En una decisión alineada con las expectativas de los analistas, el Consejo del Banco Central acordó este martes reducir la Tasa de Política Monetaria (TPM) en 25 puntos base, situándola en 4,5%. El ajuste, aprobado por la unanimidad de sus consejeros, marca el segundo recorte en lo que va del año y sitúa el interés rector en su punto más bajo en casi cuatro años, niveles que no se veían desde enero de 2022.

La determinación de la entidad presidida por Rosanna Costa ratifica la recomendación previa del Grupo de Política Monetaria (GPM), que ya había sugerido esta rebaja tras observar una desaceleración de la inflación más acelerada de lo previsto en septiembre. Según el ente emisor, bajo el escenario actual, se espera que la inflación converja a la meta del 3% durante el primer trimestre de 2026.

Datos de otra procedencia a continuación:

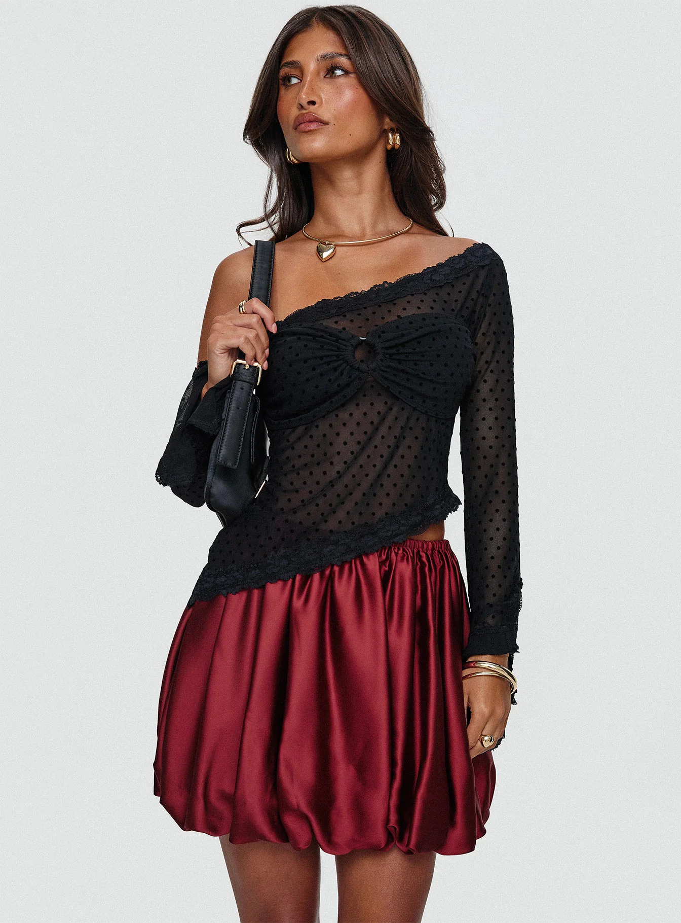 Rubee Bubble Hem Mini Skirt Red

ESCENARIOS INTERNO Y EXTERNO

En su análisis, el Banco Central destacó una mejora en las condiciones financieras globales, resaltando el buen desempeño de las bolsas internacionales y el repunte del precio del cobre, que ha superado la barrera de los US$5 la libra. No obstante, el organismo advirtió que los riesgos globales permanecen elevados, por lo que no descarta posibles deterioros abruptos en la estabilidad financiera externa.

En el plano local, el Consejo observó una apreciación del peso chileno y una recuperación incipiente en la cartera de crédito comercial. Respecto a la actividad económica, el banco señaló que se ha mantenido en línea con lo proyectado, aunque puso una nota de cautela sobre el mercado laboral: si bien la desocupación ha disminuido, la creación de nuevos puestos de trabajo se mantiene «acotada».

FUTUROS MOVIMIENTOS

El Banco Central reafirmó su compromiso de conducir la política monetaria con flexibilidad para asegurar la estabilidad de precios en un horizonte de dos años. Los próximos movimientos de la tasa dependerán estrictamente de la evolución del escenario macroeconómico y de que los riesgos para la convergencia inflacionaria sigan reduciéndose.

Este recorte representa un respiro para el mercado financiero y los sectores productivos, en un contexto donde el crédito comienza a mostrar tímidas señales de reactivación tras meses de estancamiento. (NP-Gemini-La Tercera)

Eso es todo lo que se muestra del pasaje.